### EXERCISE AIM
Write out all records as given; omit images.
Start of Block
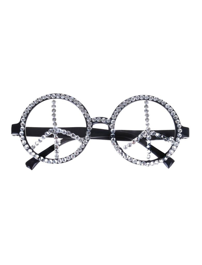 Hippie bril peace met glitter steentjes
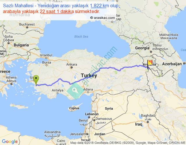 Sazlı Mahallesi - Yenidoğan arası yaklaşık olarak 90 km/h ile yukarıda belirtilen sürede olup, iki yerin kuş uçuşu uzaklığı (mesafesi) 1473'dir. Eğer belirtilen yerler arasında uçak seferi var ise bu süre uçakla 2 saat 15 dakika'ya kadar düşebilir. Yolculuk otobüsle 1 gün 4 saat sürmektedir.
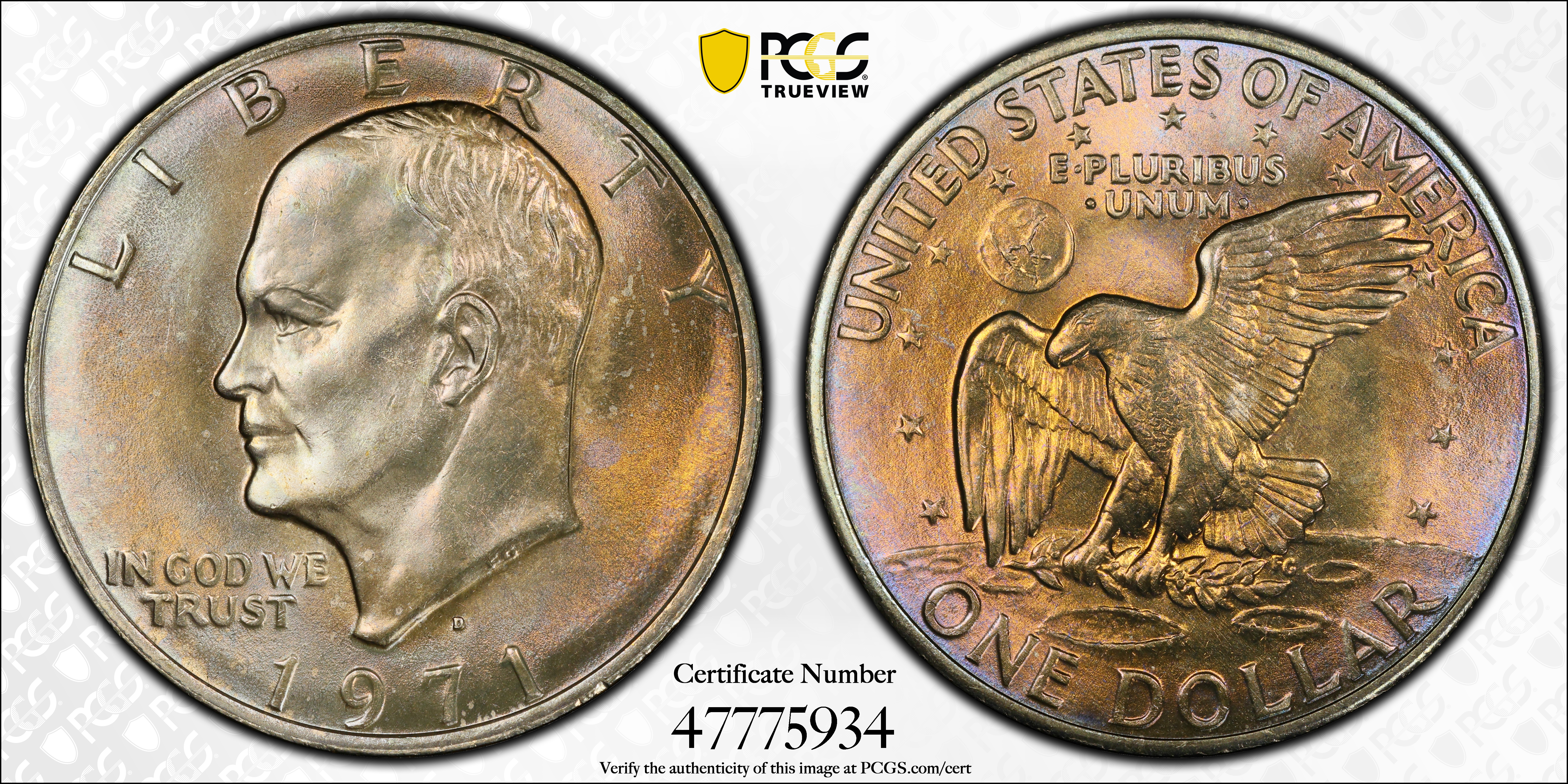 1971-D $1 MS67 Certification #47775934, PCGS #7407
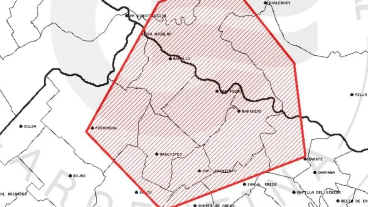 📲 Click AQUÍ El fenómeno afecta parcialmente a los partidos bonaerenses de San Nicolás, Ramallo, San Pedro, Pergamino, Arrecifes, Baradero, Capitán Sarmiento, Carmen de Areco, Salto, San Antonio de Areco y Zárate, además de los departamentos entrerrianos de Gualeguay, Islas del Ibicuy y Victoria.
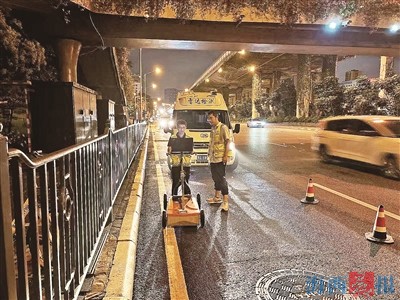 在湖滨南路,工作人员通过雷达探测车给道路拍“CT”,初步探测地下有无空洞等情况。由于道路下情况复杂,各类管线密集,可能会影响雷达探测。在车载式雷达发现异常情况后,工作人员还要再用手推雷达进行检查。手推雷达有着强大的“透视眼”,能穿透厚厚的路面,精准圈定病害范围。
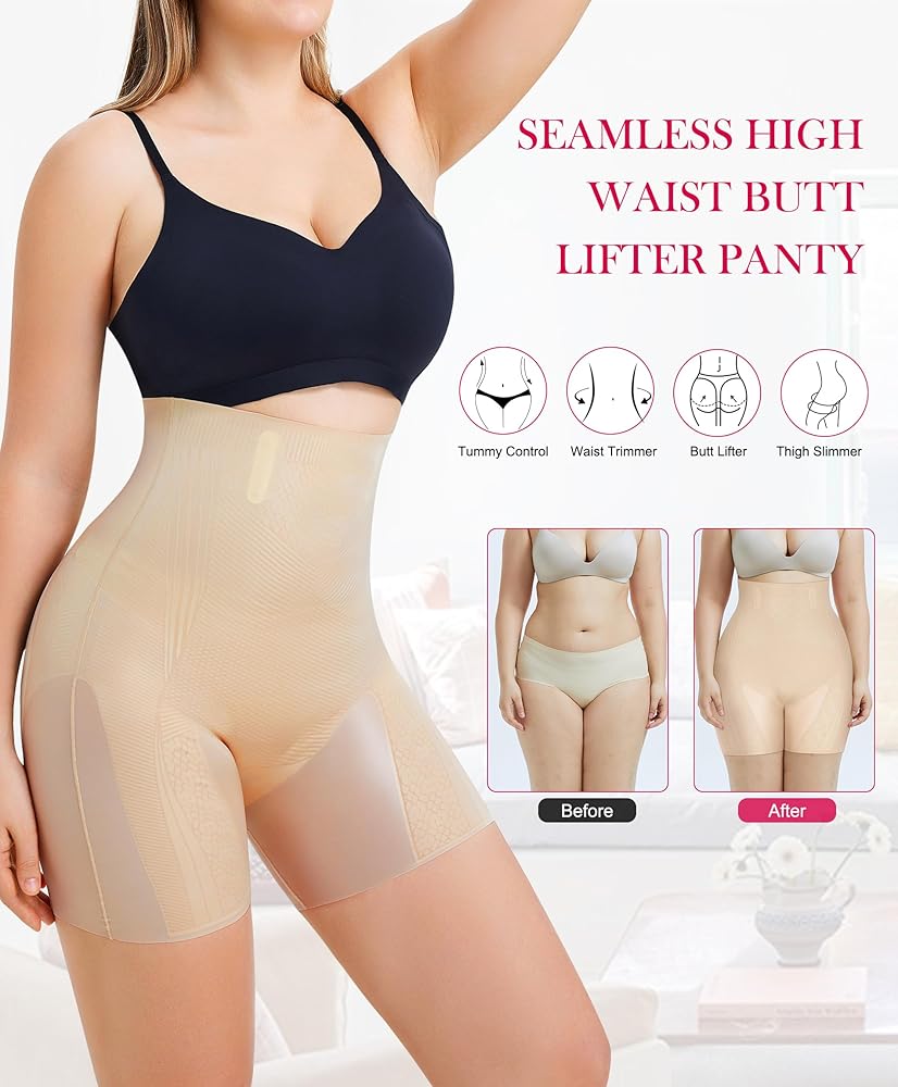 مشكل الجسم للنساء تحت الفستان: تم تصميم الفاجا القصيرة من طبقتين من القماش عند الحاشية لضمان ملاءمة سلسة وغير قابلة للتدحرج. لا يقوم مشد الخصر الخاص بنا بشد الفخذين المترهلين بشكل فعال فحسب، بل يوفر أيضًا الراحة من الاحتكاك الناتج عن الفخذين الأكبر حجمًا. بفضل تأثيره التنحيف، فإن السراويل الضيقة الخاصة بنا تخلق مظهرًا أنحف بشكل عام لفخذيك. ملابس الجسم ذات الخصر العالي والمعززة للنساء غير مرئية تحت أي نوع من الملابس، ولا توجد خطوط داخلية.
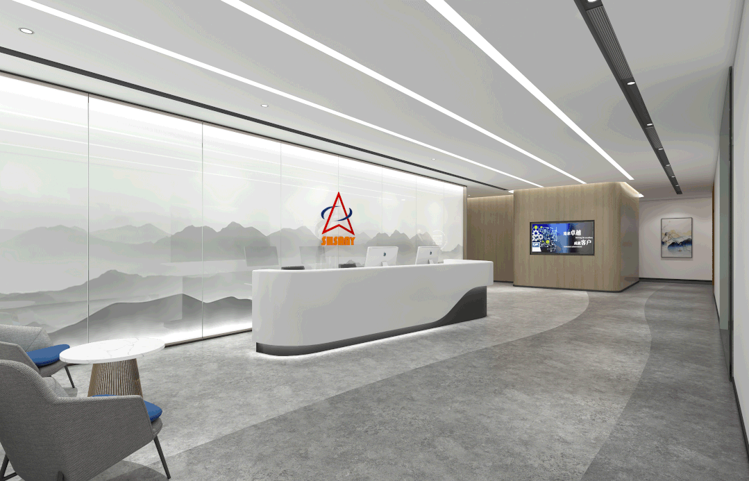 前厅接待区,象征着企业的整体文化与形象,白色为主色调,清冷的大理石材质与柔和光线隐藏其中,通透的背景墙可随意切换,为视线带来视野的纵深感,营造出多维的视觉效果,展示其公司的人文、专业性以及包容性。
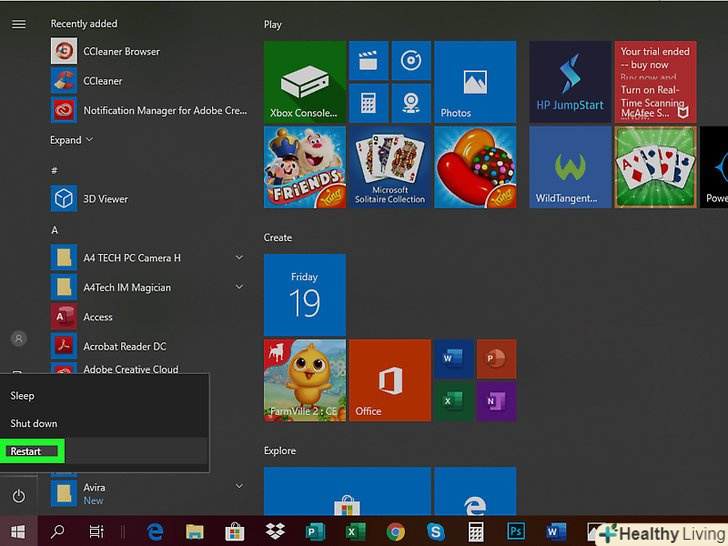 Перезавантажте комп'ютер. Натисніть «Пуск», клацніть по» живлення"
End of Block
### RESPONSE BELOW
 Hippie bril peace met glitter steentjes
 Sazlı Mahallesi - Yenidoğan arası yaklaşık olarak 90 km/h ile yukarıda belirtilen sürede olup, iki yerin kuş uçuşu uzaklığı (mesafesi) 1473'dir. Eğer belirtilen yerler arasında uçak seferi var ise bu süre uçakla 2 saat 15 dakika'ya kadar düşebilir. Yolculuk otobüsle 1 gün 4 saat sürmektedir.
 1971-D $1 MS67 Certification #47775934, PCGS #7407
 📲 Click AQUÍ El fenómeno afecta parcialmente a los partidos bonaerenses de San Nicolás, Ramallo, San Pedro, Pergamino, Arrecifes, Baradero, Capitán Sarmiento, Carmen de Areco, Salto, San Antonio de Areco y Zárate, además de los departamentos entrerrianos de Gualeguay, Islas del Ibicuy y Victoria.
 在湖滨南路,工作人员通过雷达探测车给道路拍“CT”,初步探测地下有无空洞等情况。由于道路下情况复杂,各类管线密集,可能会影响雷达探测。在车载式雷达发现异常情况后,工作人员还要再用手推雷达进行检查。手推雷达有着强大的“透视眼”,能穿透厚厚的路面,精准圈定病害范围。
 مشكل الجسم للنساء تحت الفستان: تم تصميم الفاجا القصيرة من طبقتين من القماش عند الحاشية لضمان ملاءمة سلسة وغير قابلة للتدحرج. لا يقوم مشد الخصر الخاص بنا بشد الفخذين المترهلين بشكل فعال فحسب، بل يوفر أيضًا الراحة من الاحتكاك الناتج عن الفخذين الأكبر حجمًا. بفضل تأثيره التنحيف، فإن السراويل الضيقة الخاصة بنا تخلق مظهرًا أنحف بشكل عام لفخذيك. ملابس الجسم ذات الخصر العالي والمعززة للنساء غير مرئية تحت أي نوع من الملابس، ولا توجد خطوط داخلية.
 前厅接待区,象征着企业的整体文化与形象,白色为主色调,清冷的大理石材质与柔和光线隐藏其中,通透的背景墙可随意切换,为视线带来视野的纵深感,营造出多维的视觉效果,展示其公司的人文、专业性以及包容性。
 Перезавантажте комп'ютер. Натисніть «Пуск», клацніть по» живлення"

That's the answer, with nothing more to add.